### How to complete this task:
The copy you produce must repeat each record exactly and contain no pictures.

Items from a data source:
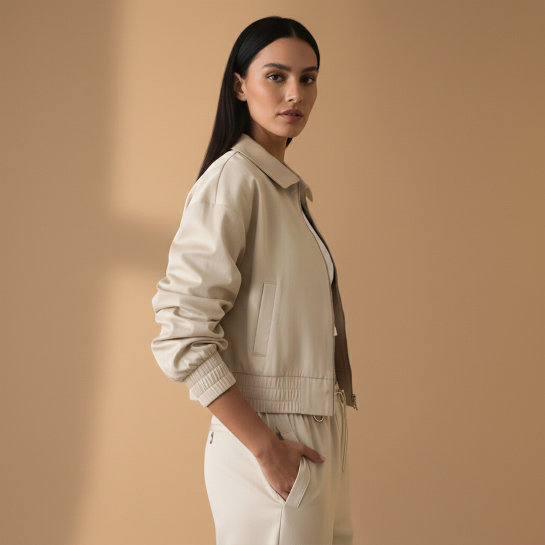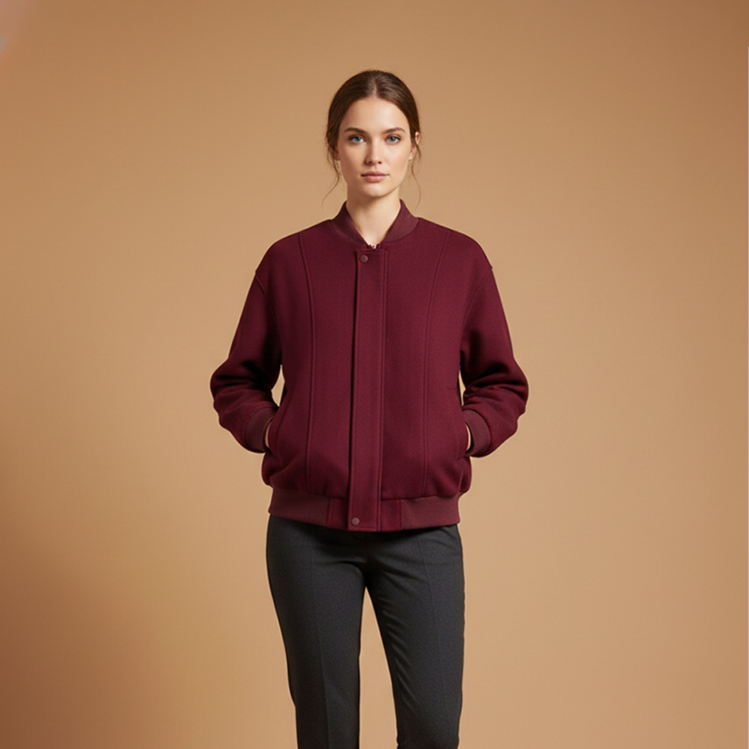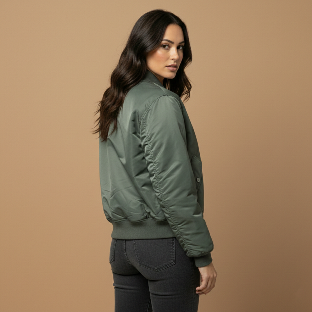 Women’s Bomber Jacket with Zip Closure and Ribbed Cuffs
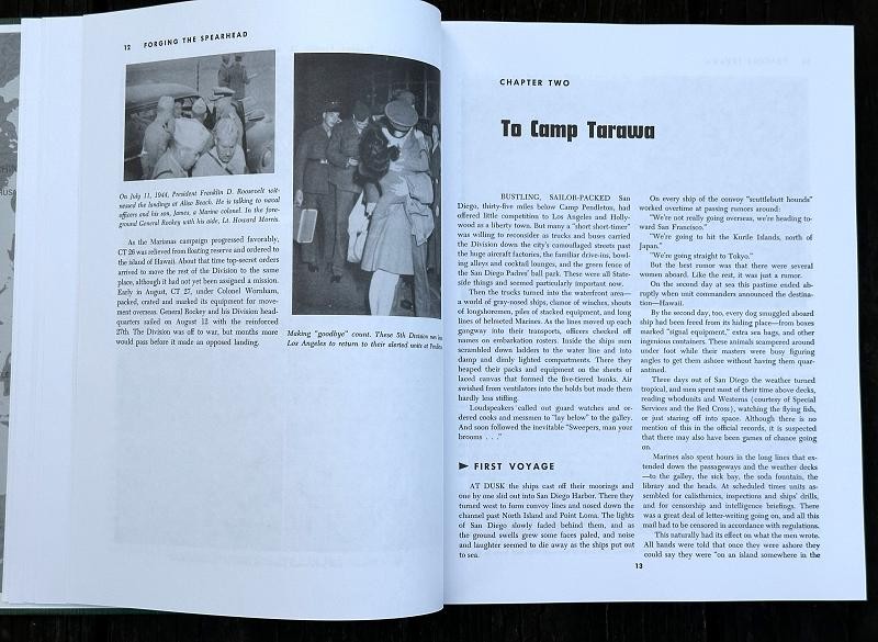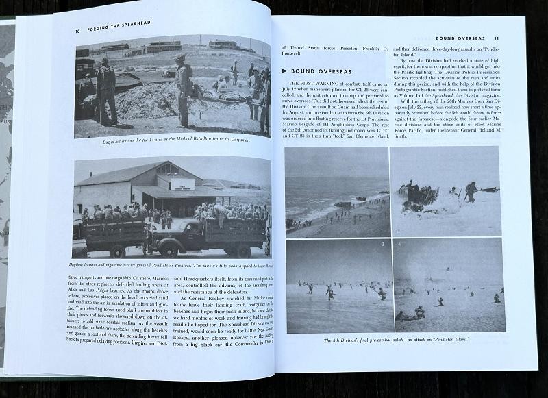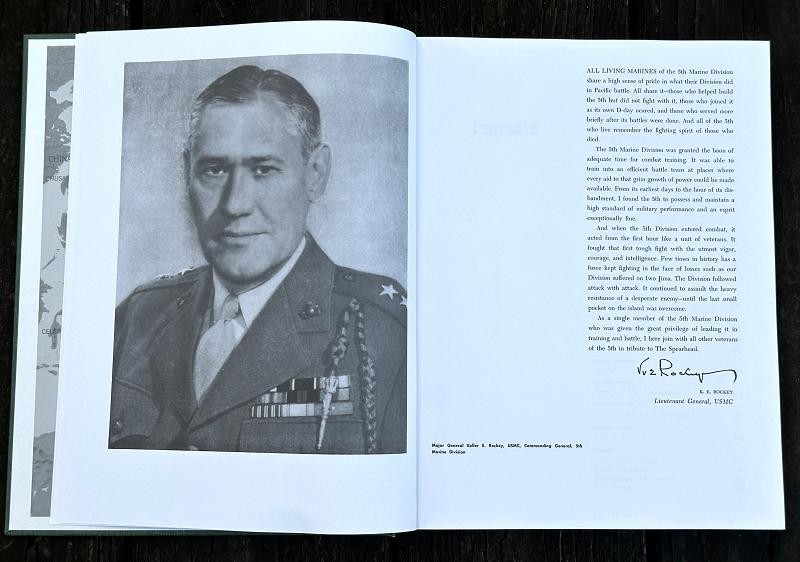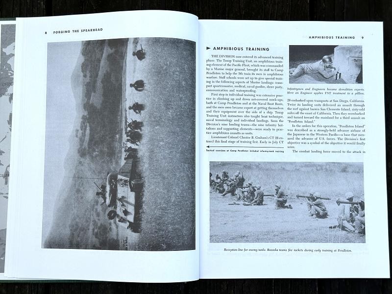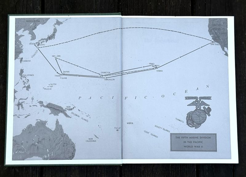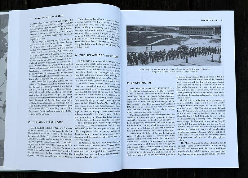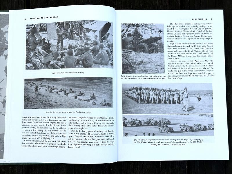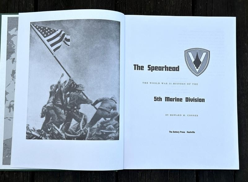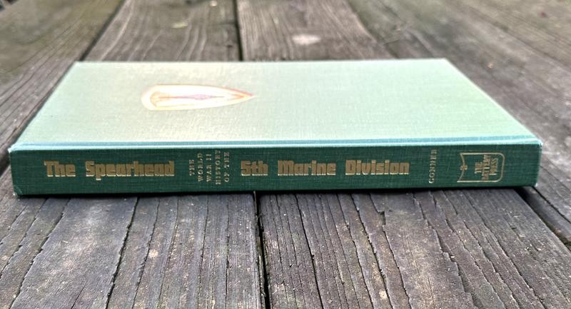 This book was written by Howard M. Conner, originally published in 1950, this edition was published in 2001. The narrative is 176 pages and is illustrated with photos and maps. This book is a second edition that was published by the Battery Press at Nashville, Tennessee. This is the definitive unit history of the 5th Marine Division in World War II. This book covers their formation and training, their invasion of Iwo Jima and their subsequent occupation of Japan. The Spearhead is filled with both color and black and white photos as well as many maps. The appendices include lists of all the division's men who were killed or wounded throughout the war. There is a section on awards, decorations and a full division roster by unit. This hard back book is in very good condition and does not have a dust cover. This is a must have reference for any Fifth Marine Division collector.
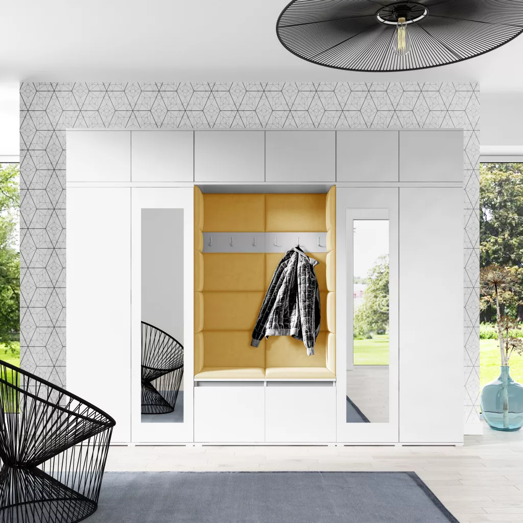 Blum 17 kárpitozott előszobafal tükörrel, fehér - sárga 18 - egyedi
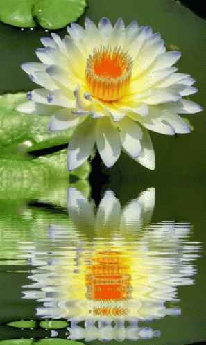 A stunning white and purple lotus flower with a vibrant orange center, perfectly reflected in rippling water.
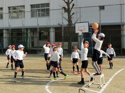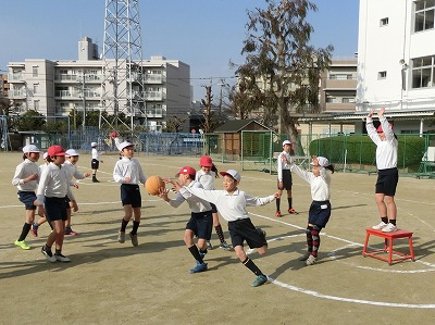 チームで作戦を相談し、ドリブルやパスでボールをつなげながら、ゴールに向かい、相手にじゃまされないようにシュートします。
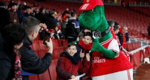 وكالات عرض النجم الألماني مسعود أوزيل -لاعب وسط أرسنال- دفع راتب الموظف الذي يرتدي تميمة النادي من أجل بقائه، بعد قرار أرسنال بفصله من أجل تقليل النفقات. وقرر النادي التخلص من جيري كوي -الذي كان له دور في التواصل مع الجماهير خارج وداخل ملعب الإمارات، عندما كان يرتدي ملابس الديناصور ...
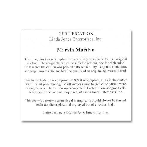 This is a meticulously crafted sericel with timeless imagery of some of the most memorable cartoon characters created by Chuck Jones (1912-2002)! "Marvin Martian" is a sold out limited edition sericel that includes Certificate of Authenticity attached in verso! Measures Approx: 6" x 8".
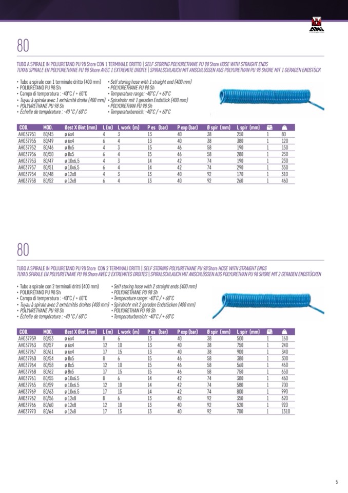 TUBO A SPIRALE IN POLIURETANO PU 98 Shore CON 2 TERMINALI DRITTI | SELF STORING POLYURETHANE PU 98 Shore HOSE WITH STRAIGHT ENDS
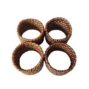 Woven Rattan Round Napkin Rings Set of 4 1.5" wide Excellent condition

### Answer below:
 Women’s Bomber Jacket with Zip Closure and Ribbed Cuffs
 This book was written by Howard M. Conner, originally published in 1950, this edition was published in 2001. The narrative is 176 pages and is illustrated with photos and maps. This book is a second edition that was published by the Battery Press at Nashville, Tennessee. This is the definitive unit history of the 5th Marine Division in World War II. This book covers their formation and training, their invasion of Iwo Jima and their subsequent occupation of Japan. The Spearhead is filled with both color and black and white photos as well as many maps. The appendices include lists of all the division's men who were killed or wounded throughout the war. There is a section on awards, decorations and a full division roster by unit. This hard back book is in very good condition and does not have a dust cover. This is a must have reference for any Fifth Marine Division collector.
 Blum 17 kárpitozott előszobafal tükörrel, fehér - sárga 18 - egyedi
 A stunning white and purple lotus flower with a vibrant orange center, perfectly reflected in rippling water.
 チームで作戦を相談し、ドリブルやパスでボールをつなげながら、ゴールに向かい、相手にじゃまされないようにシュートします。
 وكالات عرض النجم الألماني مسعود أوزيل -لاعب وسط أرسنال- دفع راتب الموظف الذي يرتدي تميمة النادي من أجل بقائه، بعد قرار أرسنال بفصله من أجل تقليل النفقات. وقرر النادي التخلص من جيري كوي -الذي كان له دور في التواصل مع الجماهير خارج وداخل ملعب الإمارات، عندما كان يرتدي ملابس الديناصور ...
 This is a meticulously crafted sericel with timeless imagery of some of the most memorable cartoon characters created by Chuck Jones (1912-2002)! "Marvin Martian" is a sold out limited edition sericel that includes Certificate of Authenticity attached in verso! Measures Approx: 6" x 8".
 TUBO A SPIRALE IN POLIURETANO PU 98 Shore CON 2 TERMINALI DRITTI | SELF STORING POLYURETHANE PU 98 Shore HOSE WITH STRAIGHT ENDS
 Woven Rattan Round Napkin Rings Set of 4 1.5" wide Excellent condition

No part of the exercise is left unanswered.